Data items
- Opening Delimiter -

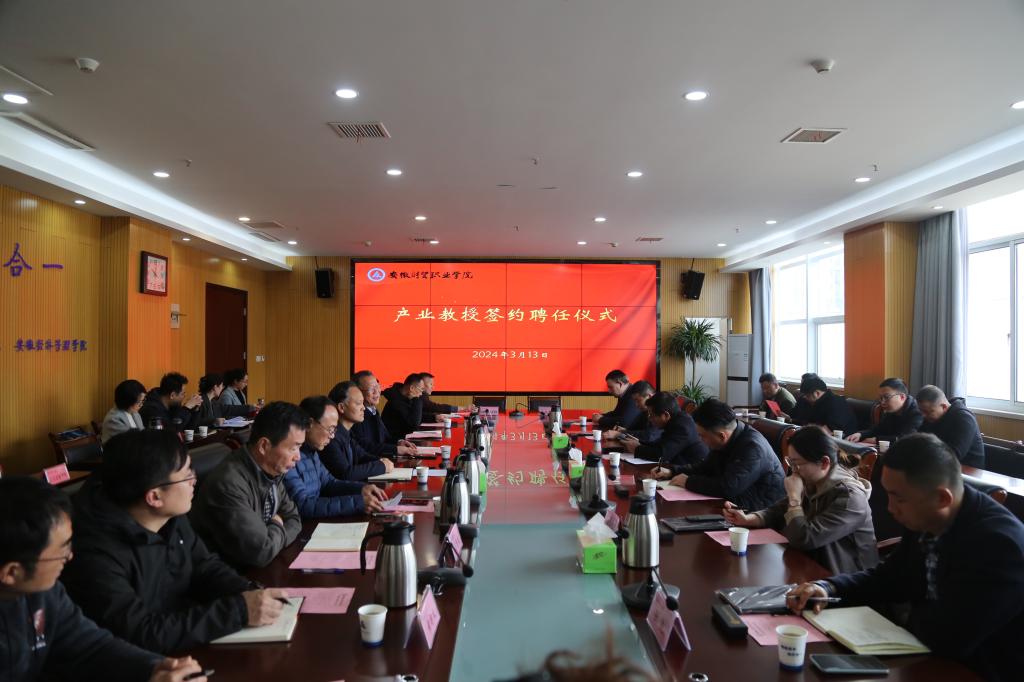 会上宣读了《安徽省教育厅 安徽省人力资源和社会保障厅关于公布2023年安徽省产业教授名单的通知》,聘任北京融智国创科技有限公司创始人刘温泉,新道科技股份有限公司首席专家梁峰,中外运物流华中有限公司原董事长、法人代表周保昌,苏州德创测控科技有限公司总经理葛大伟,安徽花希谷托育服务有限公司联合创始人郭元媛和安徽省旅游规划设计研究院院长助理张凯为学院首批产业教授。校方与产业教授逐一签约并发放聘书。
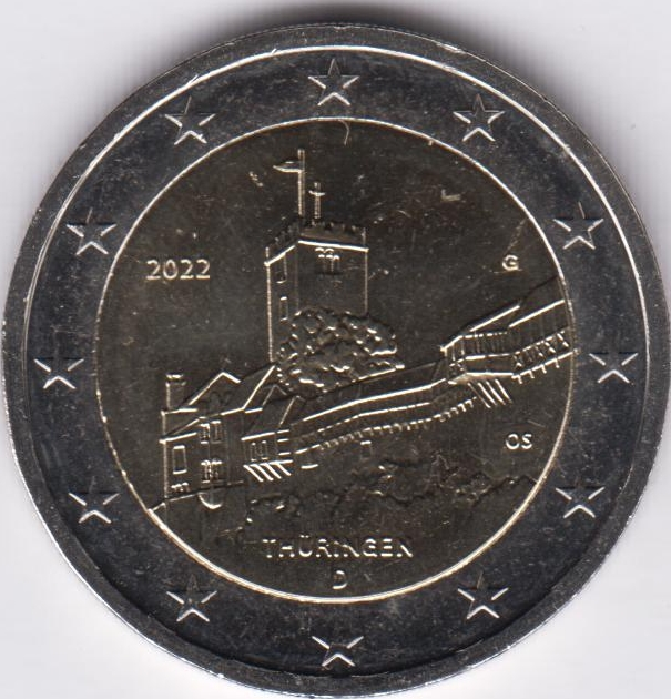 2 евро 2022 год Германия Федеральная земля Тюрингия. Замок Вартбург Двор G
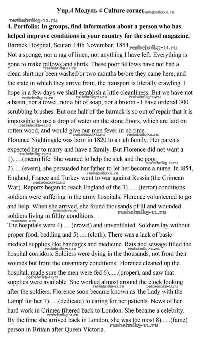 Готовая домашняя работа с ответами по Английскому языку за 11 класс Эванс, Дули, Оби, Афанасьева, Михеева Учебник Spotlight Просвещение 2015 ФГОС - Culture corner 4 4
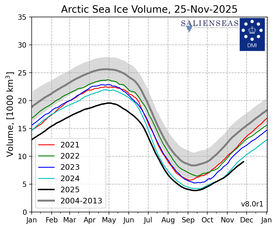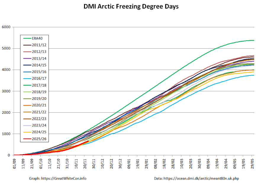 High Arctic freezing degree days based on DMI >80N data were lowest for the date at the beginning of November:
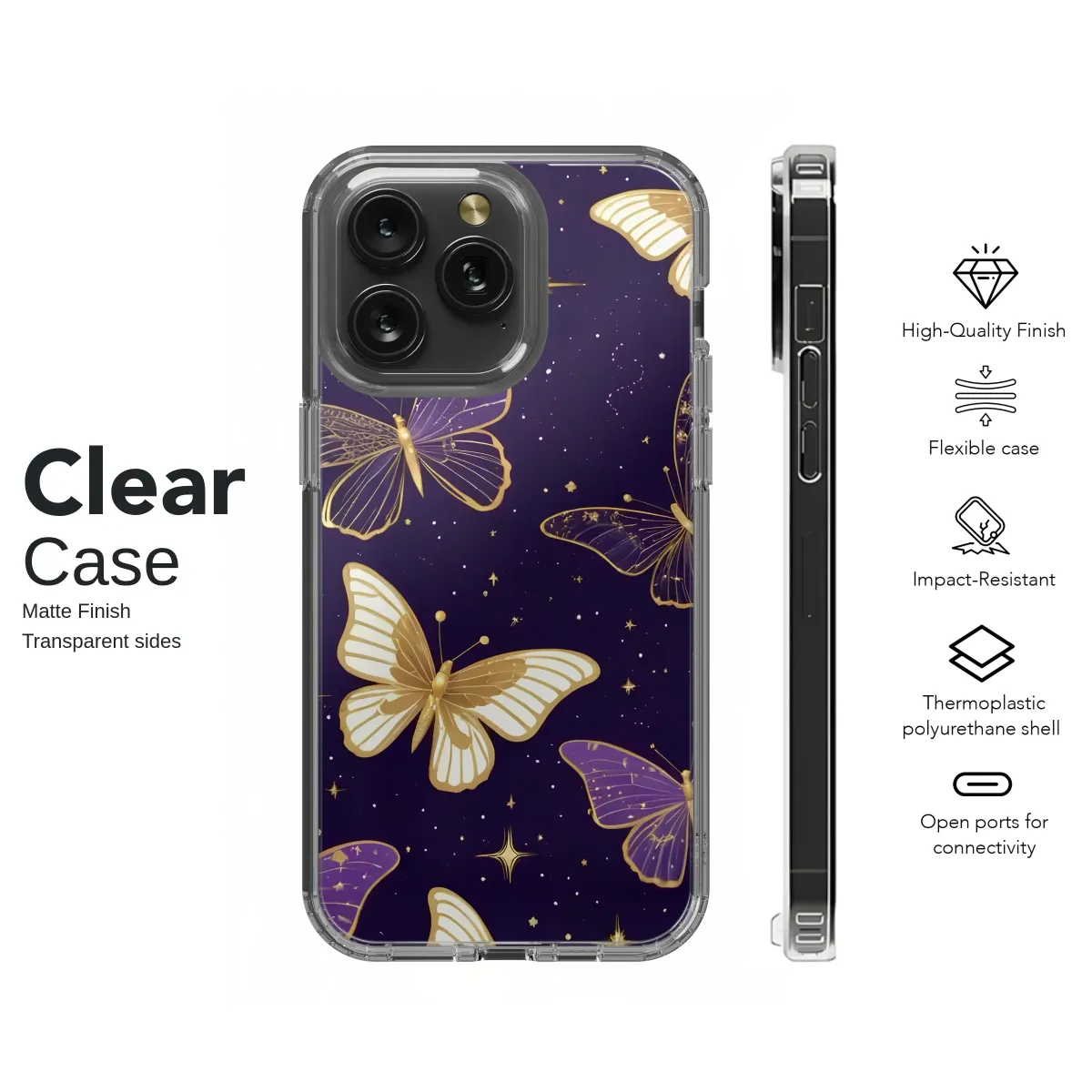 Wrap your world in the magic of a celestial midnight with this enchanting artwork. Picture a deep, velvety indigo sky, where a galaxy of tiny stars and golden crescent moons shimmer like scattered diamonds. Through this cosmic dreamscape, a silent ballet of ethereal butterflies unfolds. Their delicate wings, some crafted from pure, polished gold and others painted in the richest shade of royal amethyst, are traced with intricate gilded lines that catch the light with every movement. They flutter and float amongst twinkling starbursts, their flight a whimsical dance across the heavens. This design captures a fleeting moment of pure fantasy, blending dark academia elegance with a touch of mystical, witchy charm. It’s a perfect accessory for the modern romantic, the stargazer, and anyone who carries a little magic in their heart. Let this celestial butterfly pattern be a daily reminder of the beauty that exists in the universe and in your dreams. It's more than just an accessory; it's a portable piece of art that makes a thoughtful and unique gift for a loved one, or a beautiful way to express your own enchanting style.
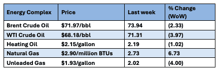 The Baker Hughes rig count was down by 1 last week. There are 587 oil and gas rigs operating in the US – Down 36 from last year.

- Closing Delimiter -

### What you will do:
Write each entry again exactly, minus any images.

### Task response:
 会上宣读了《安徽省教育厅 安徽省人力资源和社会保障厅关于公布2023年安徽省产业教授名单的通知》,聘任北京融智国创科技有限公司创始人刘温泉,新道科技股份有限公司首席专家梁峰,中外运物流华中有限公司原董事长、法人代表周保昌,苏州德创测控科技有限公司总经理葛大伟,安徽花希谷托育服务有限公司联合创始人郭元媛和安徽省旅游规划设计研究院院长助理张凯为学院首批产业教授。校方与产业教授逐一签约并发放聘书。
 2 евро 2022 год Германия Федеральная земля Тюрингия. Замок Вартбург Двор G
 Готовая домашняя работа с ответами по Английскому языку за 11 класс Эванс, Дули, Оби, Афанасьева, Михеева Учебник Spotlight Просвещение 2015 ФГОС - Culture corner 4 4
 High Arctic freezing degree days based on DMI >80N data were lowest for the date at the beginning of November:
 Wrap your world in the magic of a celestial midnight with this enchanting artwork. Picture a deep, velvety indigo sky, where a galaxy of tiny stars and golden crescent moons shimmer like scattered diamonds. Through this cosmic dreamscape, a silent ballet of ethereal butterflies unfolds. Their delicate wings, some crafted from pure, polished gold and others painted in the richest shade of royal amethyst, are traced with intricate gilded lines that catch the light with every movement. They flutter and float amongst twinkling starbursts, their flight a whimsical dance across the heavens. This design captures a fleeting moment of pure fantasy, blending dark academia elegance with a touch of mystical, witchy charm. It’s a perfect accessory for the modern romantic, the stargazer, and anyone who carries a little magic in their heart. Let this celestial butterfly pattern be a daily reminder of the beauty that exists in the universe and in your dreams. It's more than just an accessory; it's a portable piece of art that makes a thoughtful and unique gift for a loved one, or a beautiful way to express your own enchanting style.
 The Baker Hughes rig count was down by 1 last week. There are 587 oil and gas rigs operating in the US – Down 36 from last year.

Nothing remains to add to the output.